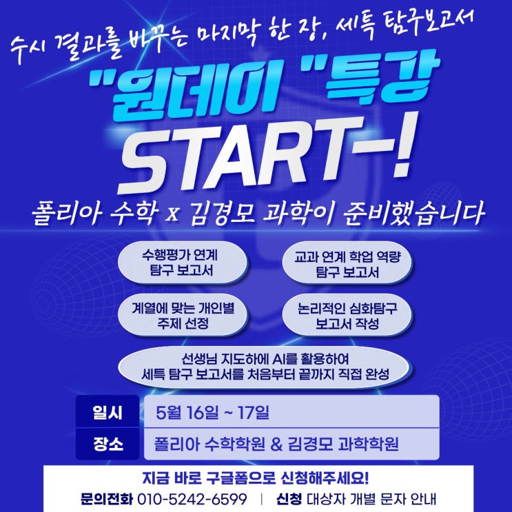 드디어 월성동 수학학원에서 준비했습니다 월성동 수학 폴리아 수학 월성동 과학 김경모 과학이 정말 힘들게 준비했습니다 무엇을 준비했을까요??? 학생들이 많이 힘들어하는 보고서 쓰는 방법을 특강으로 준비했습니다 누가?? 폴리아 수학학원 김경모 과학학원 이 준비를 했습니다 고교 학점제가 되면서 내신 부분의 등급이 5등급제로 바뀌었습니다 5등급제로 바뀌면서 탐구 보고서 정말 많이 중요해합니다 근데 학생들이 어디서 무엇을 어떻게 해야 되는지 잘 모르는 것 같아서 6월에 준비하면 시험 대비와 겹쳐 학생들이 많이 힘들어합니다 그래서 5월에 준비했습니다 고교학점제에서 탐구 보고서가 중요한지 대학 갈 때 알 수 있습니다 그때....... <img src="https://blogthumb.pstatic.net/MjAyNjA0MjdfMjgz/MDAxNzc3MjgzODQwMDgx.7sgF6JS0rrH-DjS-_xLQIUNBjEnGtCP2BV4pDOF81MMg.EPl63UtVIOE5kn592MOjC90ZG30X886hZvNHicsKkW0g.JPEG/KakaoTalk_20260427_185347298.jpg?type=s3" />
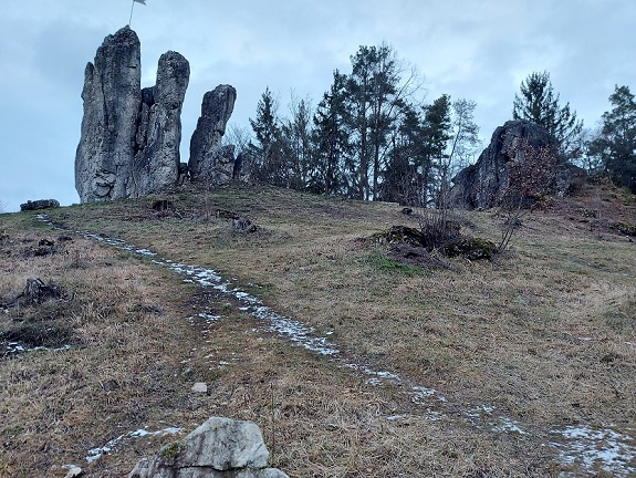 Ein Ziel haben wir noch, das ist ebenfalls ein Muss und bedeutet wiederum ein paar Schritte einen kleinen Hügel nach oben: Der kleine Ort Großenohe ist Ausgangspunkt für die Besichtigung der fränkischen Drei Zinnen, einer der gewiss schönsten Felsenformationen in der Gegend.
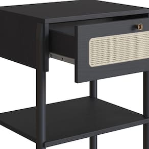 Mesa Cabeceira 1 Gaveta Oslo Artesano 48cm (largura) Mdp Nero Palha Sintética Bege Pé Madeira Maciça

> _TASK BRIEF_: Transcribe the opening line of the listing above, please, and every line after it through the line with "Ein Ziel haben", word for word, without pictures.

> _YOUR RESPONSE_:
 드디어 월성동 수학학원에서 준비했습니다 월성동 수학 폴리아 수학 월성동 과학 김경모 과학이 정말 힘들게 준비했습니다 무엇을 준비했을까요??? 학생들이 많이 힘들어하는 보고서 쓰는 방법을 특강으로 준비했습니다 누가?? 폴리아 수학학원 김경모 과학학원 이 준비를 했습니다 고교 학점제가 되면서 내신 부분의 등급이 5등급제로 바뀌었습니다 5등급제로 바뀌면서 탐구 보고서 정말 많이 중요해합니다 근데 학생들이 어디서 무엇을 어떻게 해야 되는지 잘 모르는 것 같아서 6월에 준비하면 시험 대비와 겹쳐 학생들이 많이 힘들어합니다 그래서 5월에 준비했습니다 고교학점제에서 탐구 보고서가 중요한지 대학 갈 때 알 수 있습니다 그때....... <img src="https://blogthumb.pstatic.net/MjAyNjA0MjdfMjgz/MDAxNzc3MjgzODQwMDgx.7sgF6JS0rrH-DjS-_xLQIUNBjEnGtCP2BV4pDOF81MMg.EPl63UtVIOE5kn592MOjC90ZG30X886hZvNHicsKkW0g.JPEG/KakaoTalk_20260427_185347298.jpg?type=s3" />
 Ein Ziel haben wir noch, das ist ebenfalls ein Muss und bedeutet wiederum ein paar Schritte einen kleinen Hügel nach oben: Der kleine Ort Großenohe ist Ausgangspunkt für die Besichtigung der fränkischen Drei Zinnen, einer der gewiss schönsten Felsenformationen in der Gegend.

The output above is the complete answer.